Но Масахиро всегда отличался честолюбием. Поэтому когда в редакции газеты «Тинзеи Ниппо» решали вопрос о том, кто поедет в действующую армию, он заявил, что на Халхин-Голе воюет его брат.
Узнав об этой лжи, Хиротаро на мгновение обрадовался тому, что Масахиро назвал его братом, но в следующую секунду тот с улыбкой добавил: «Не обольщайся. Когда отец умрет, ты все равно ничего не получишь».
Его тяжело ранили на следующий день после приезда. Батальон, в котором Хиротаро служил врачом, получил приказ выдвинуться вперед на левом фланге, занять сопку Ирис-Улийн-Обо и удерживать занятые позиции до подхода основных сил.
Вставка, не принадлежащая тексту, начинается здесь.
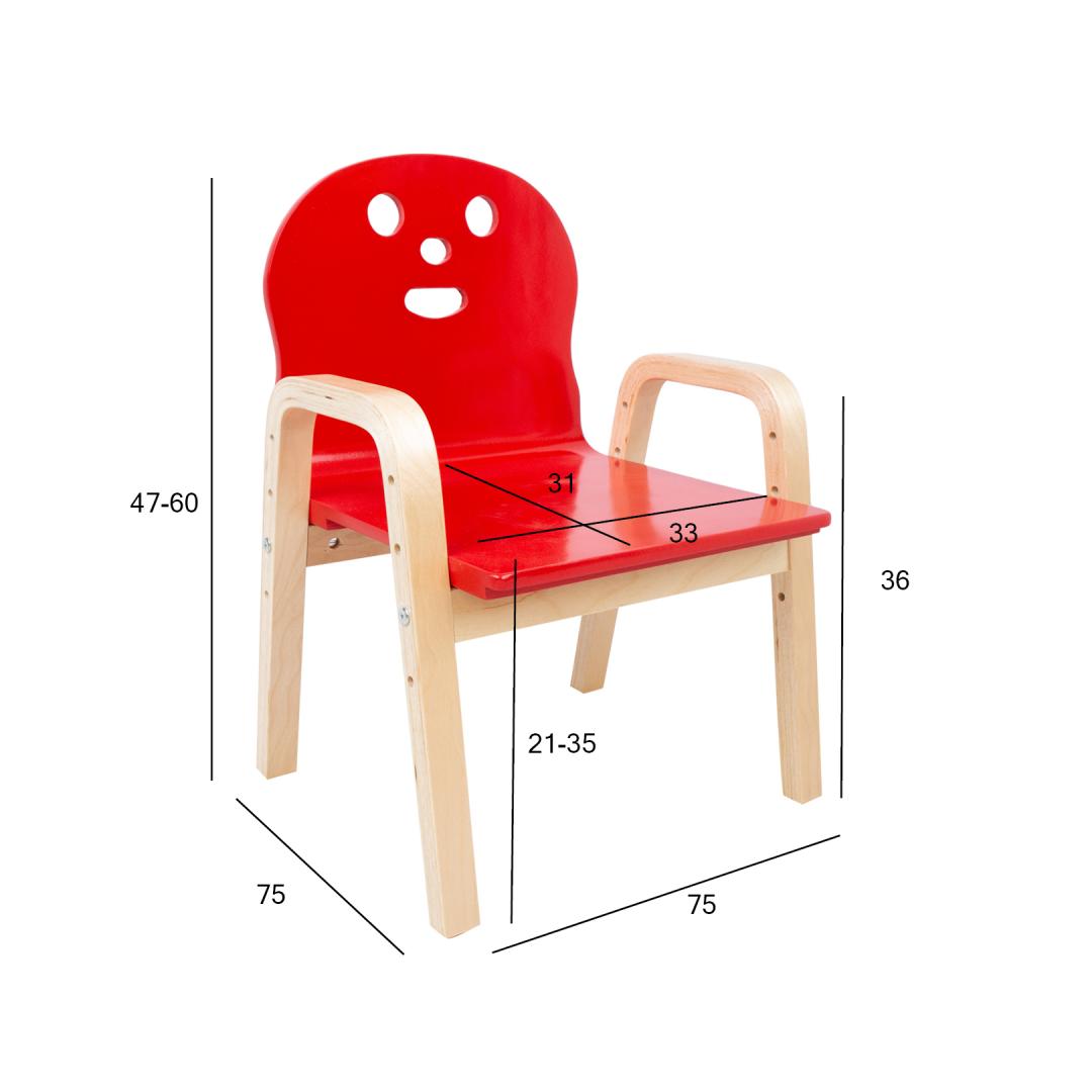 Lastetool HAPPY, punane. Tool HAPPY kasvab koos teie lapsega! Istme kõrgust on võimalik tõsta neli korda vastavalt lapse kasvule - 21/25,5/30/34,5cm. Tooli üldmõõdud on 39x36xH46,5/51/55,5/60cm. Istme laius 33cm, istme sügavus 31cm, seljatoe kõrgus 27cm, käetoe kõrgus maast 36cm. Materjal: painutatud paplivineer kasespooniga. Iste on värvitud punaseks, jalad ja raam on viimistletud naturaalse lakiga. Kaalupiirang 40kg. Lastetool HAPPY, punane. Tool HAPPY kasvab koos teie lapsega! Istme kõrgust on võimalik tõsta neli korda vastavalt lapse kasvule - 21/25,5/30/34,5cm. Tooli üldmõõdud on 39x36xH46,5/51/55,5/60cm. Istme laius 33cm, istme sügavus 31cm, seljatoe kõrgus 27cm, käetoe kõrgus maast 36cm. Materjal: painutatud paplivineer kasespooniga. Iste on värvitud punaseks, jalad ja raam on viimistletud naturaalse lakiga. Kaalupiirang 40kg.
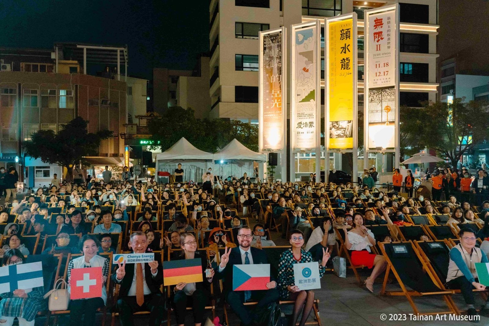 歐洲影展首映之夜開幕式於11月25日週六夜晚盛大舉辦,捷克經濟文化辦事處代表David Steinke、德國在台協會文化事務組副主任Nora Tech、觀旅局鄭道立專門委員、臺南市美術館館長林秋芳以及贊助單位辰亞能源股份有限公司董事長目賀田好弘等多位貴賓出席,從黃昏到夜晚以建築夜間光景作為電影布幕襯底,民眾或坐或臥在木質躺椅上,搭配精緻歐式餐點與臺南啤酒,使得看電影這件小事,特別有臺南味!

Большинство офицеров понимали, что сражение на Халхин-Голе уже проиграно и этот приказ выполнить невозможно, поэтому Хиротаро умолял своего друга не принимать участия в ночном рейде. Но Масахиро, разумеется, его не послушал. Ему казалось, что Хиротаро снова хочет занять его место. Он не мог позволить ему вернуться в Нагасаки героем. Отец должен был наконец понять, кто из них его настоящий сын.
В ночь на седьмое сентября батальон занял позиции на сопке, а к вечеру следующего дня был практически полностью истреблен легкими танками противника и артиллерией.
Хиротаро смотрел теперь в зарешеченное окошко на яркое синее небо, старался не обращать внимания на мучившую его жажду и вспоминал, как вытаскивал окровавленного Масахиро из глубокой норы, боясь, что русские кинут туда гранату. Он вспоминал, как из соседней норы показались двое рядовых, которые тоже подняли руки, дождались, когда к ним подошел советский офицер, а потом бросились на него и закололи снятыми с карабинов штыками.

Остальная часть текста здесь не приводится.